We just got done with our remodel and lived.
1- It was really important to have a space that was a make shift kitchen and treat it like one. We had one set of floor to ceiling metro shelving on wheels that had our microwave, food staples we needed, crock, electric skillet + steamer.
If possible, ask for the oven to leave last or even better stay in the kitchen if at all possible.
2-We held out with real plates for a bit - but the paper plates saved our sanity.
3- Lastly, we made a ton of freezer meals beforehand and lived off those for a couple months - no dinner prep.

Astonishing how the microwave oven was pushed almost off the list of alternative ways of preparing meals. I've been working on a book of microwave cooking which employs the microwave oven as a device for cooking. With a bit of imagination, experience, and patience you can learn that it is possible for your microwave cooker to produce many of your favorite recipes with ease and comfort. You may find it easy to maintain the weight you want or even lose a few pounds -- oil almost disappears from your recipes,and recipes for steaming, poaching, sauteeing, broiling your favorite foods suddenly appear as tasteful and economical parts of your diet.In addition, you weight control is very easy.

Your micro won't bake cakes (brownies are good and some others as well)but it's marvelous for producing pies and fruit-based desserts.
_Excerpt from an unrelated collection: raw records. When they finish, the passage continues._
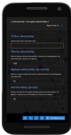
Σχήμα 2. Εισαγωγή στοιχείων αποστολής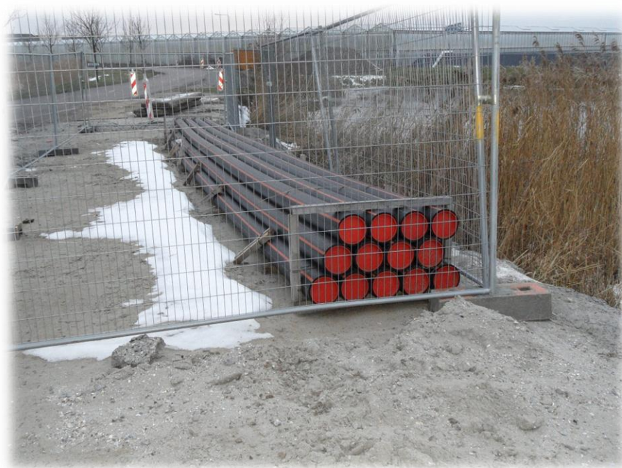
Figuur 5: Persleidingen

Het deel van de rioolpersleiding in de Puijendijk kan worden gehandhaafd. De status van deze dijk (regionale waterkering) zal door de ontwikkeling Waterdunen niet wijzigen.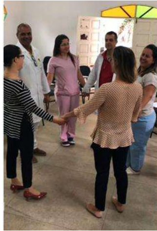
Figura 1 - Dinâmica “De mãos dadas”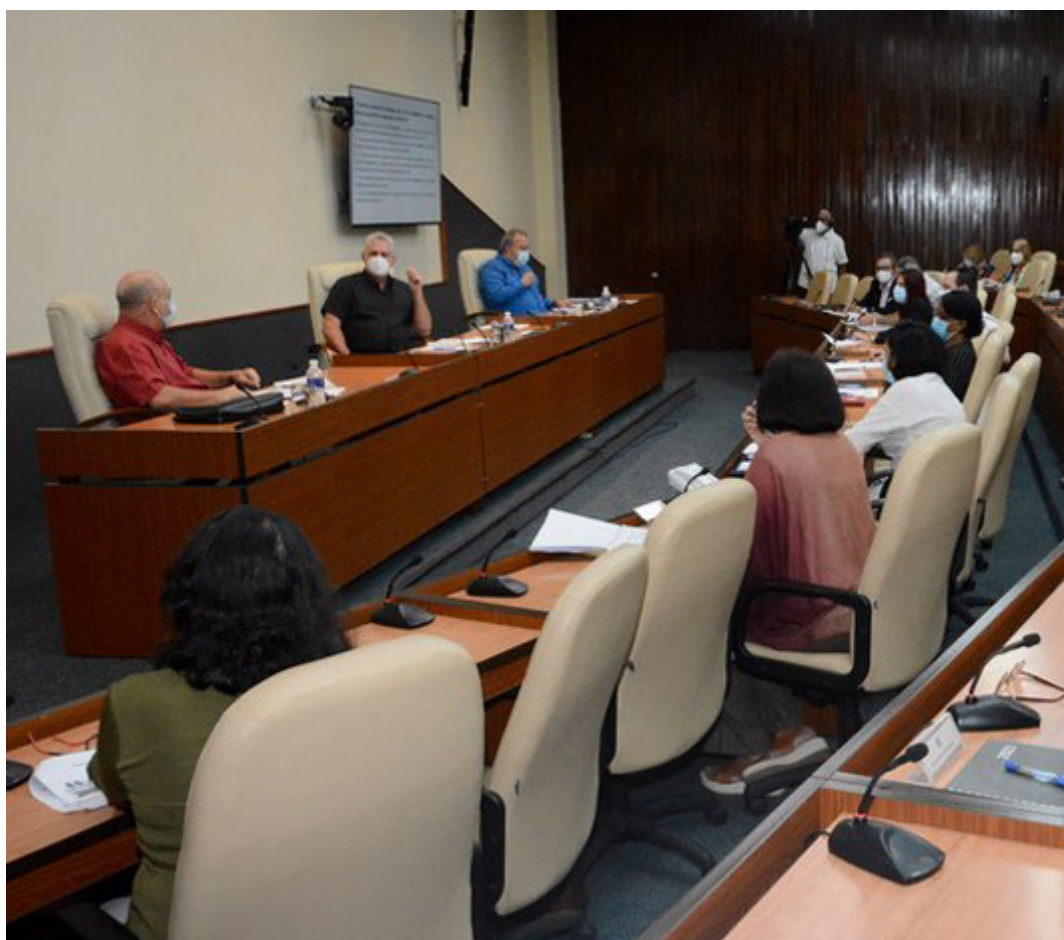
El jefe de Estado (C) reconoció al equipo de los centros que laboran en tan importantes temas.

La Habana, 3 mar (RHC) El presidente de la República, Miguel Díaz-Canel sostuvo un nuevo encuentro con el grupo de expertos y científicos que por casi un año ha participado de forma directa en la batalla de Cuba contra el nuevo coronavirus SARS-Cov-2.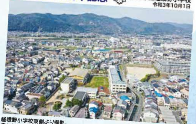
嵯峨野小学校東側より撮影。奥には桂川に架かる渡月橋が望める。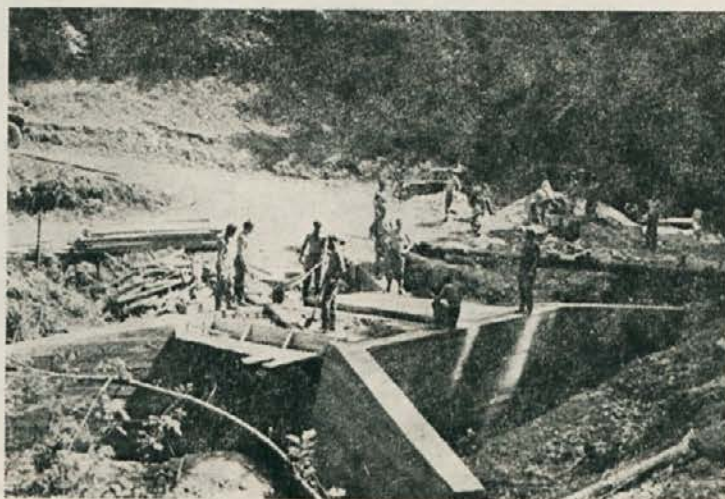
Na gradbišču mosta pri Libeličah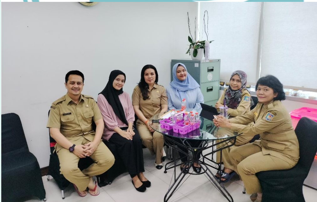
Dokumentasi setelah melakukan wawancara dengan narasumber di Direktorat Pendapatan Daerah Kementerian Dalam Negeri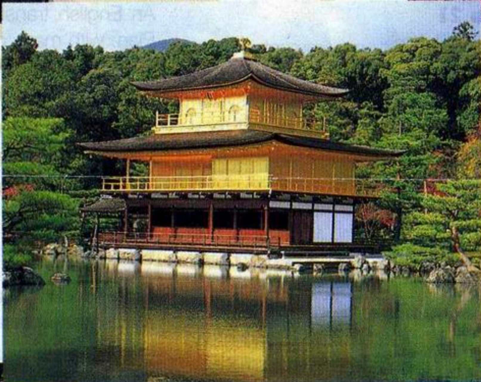
Golden Pavilion world cultural heritage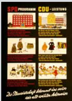
Plakat zur Bundestagswahl 1953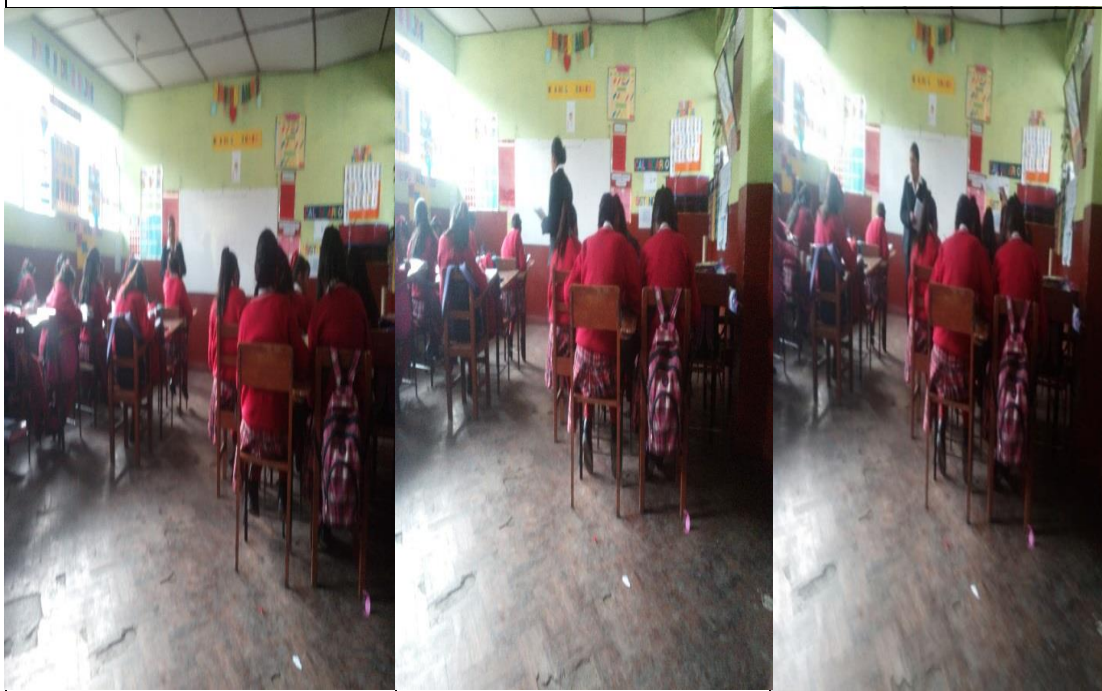
Desarrollo del cuestionario en el pre - test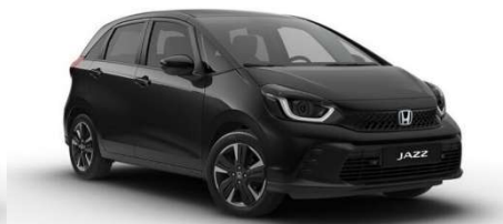
Črna Crystal – biserna (NH-731P)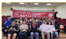
▲見習師資生與胡臺校指導教師相見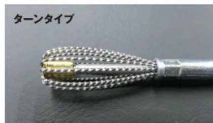
止まり穴の底面・側面のバリ取り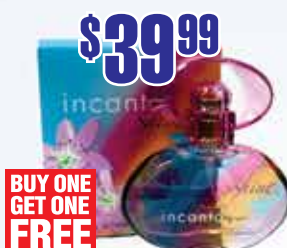
Salvatore Ferragamo Incanto Shine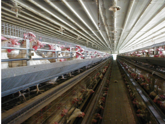
לול סוללה בגבעת חן

מרבית התרנגולות בתעשיית הביצים בישראל מוחזקות בכלובי מתכת חשופים. מספר תרנגולות דחוסות בכל כלוב. במקרה הטוב ביותר השטח המוקצה לכל תרנגולת הוא כשטח דף נייר משרדי (4A). לעתים מוקצה לכל תרנגולת רק כמחצית שטח זה. רצפת הכלוב עשויה רשת ומלוכסנת: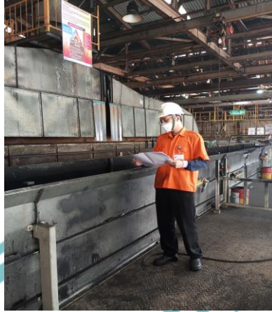
Melakukan Pengecekan Spray Booth Painting 2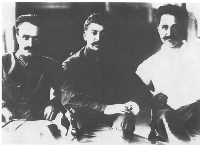
А.И. Микоян, И.В. Сталин, Г.К. Орджоникидзе. Тифлис, 1926.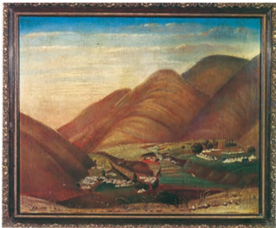
تابلوی رنگ روغن، اردوگاه، مبارک آباد تهران اثر محمد غفاری (کمال الملک)، سال ۱۲۹۱ ق.

داشت و به همین دلیل شاعران بزرگی در دورهٔ پادشاهی وی به شعر فارسی غنا بخشیدند. قائم مقام فراهانی وزیر محمدشاه نیز ادیب و نویسنده‌ای زبردست بود. تاریخ‌نویسی نیز در این دوره رونق داشت و مورخان مشهوری مانند محمدتقی خان لسان‌الملک سپهر، رضا قلی خان هدایت و محمد حسن خان اعتمادالسلطنه آثار ارزشمندی به وجود آوردند. هنر نقاشی و معماری نیز با تأثیرپذیری از دوره‌های قبل و هنر اروپایی به حیات خود ادامه داد. میرزا محمد خان غفاری، ملقب به کمال الملک نقاش مشهور عصر ناصرالدین شاه و مظفرالدین شاه، هنر نقاشی ایران را به اوج کمال و شکوفایی رساند.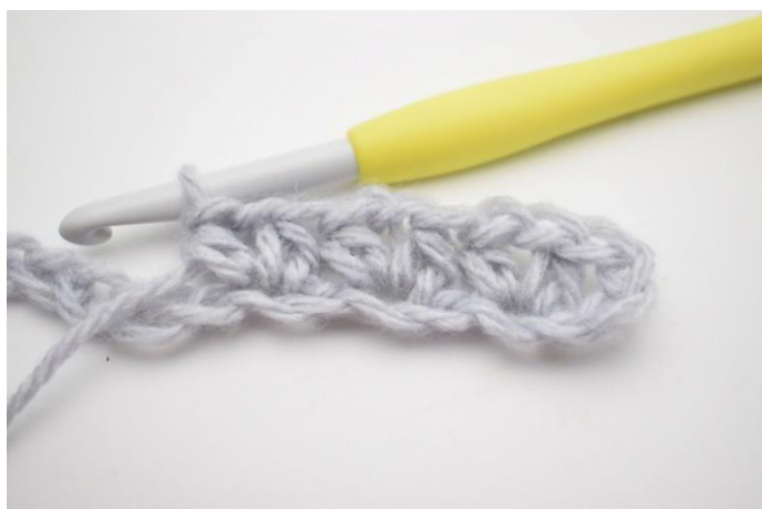
7. Hækl 1 hstm, 1 lm og 1 hstm i næste lm.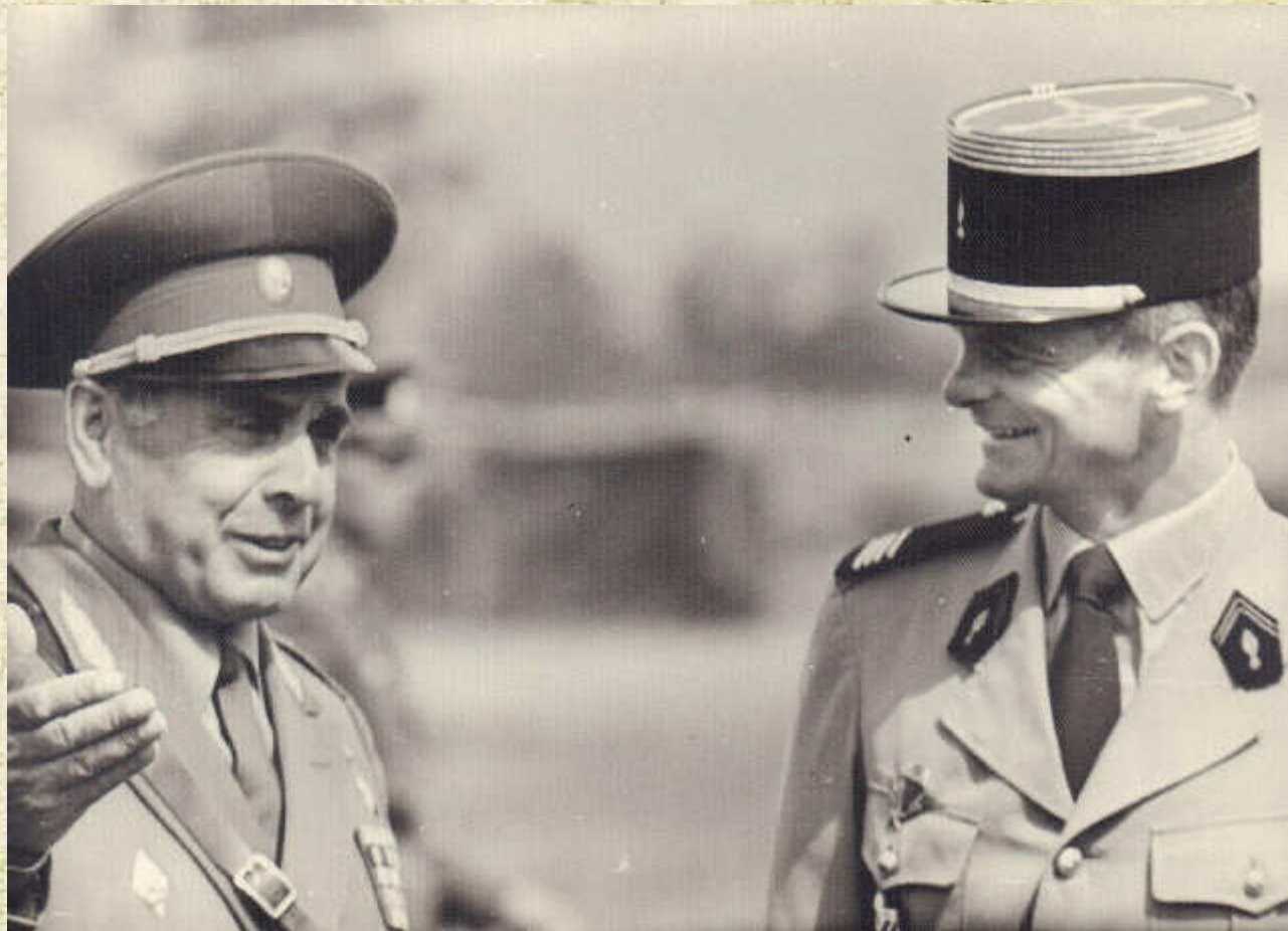
Встреча с французским офицером в период военных манёвров «Неман», 1981 год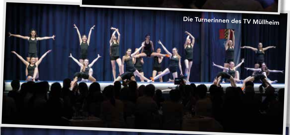
Die Turnerinnen des TV Müllheim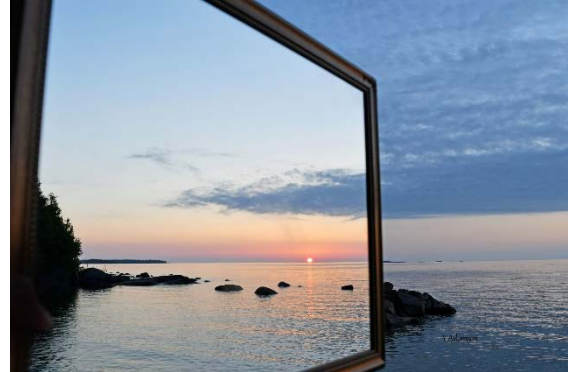
"Att se möjligheter". Bild: Yvonne Adamson

som visar om den trådlösa funktionen är AKTIVERAD I DIN HÖRAPPARAT... / Egr.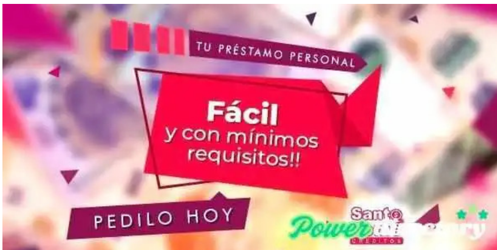
Creditos santo tome horario

Your wonderful conventional oven doesn't open cans and a barbeque arrangement isn't always possible. Every appliance has its own particular talents and every venue has its drawbacks Take a breath and start thinking microwave.

I second the toaster oven, it was a lifesaver !
But the rice cooker comes in a close second for me !
And DON'T stress it-use paper plates- take a dishwashing break and use as much disposable as possible, because doing dishes in the bathroom is NOT fun.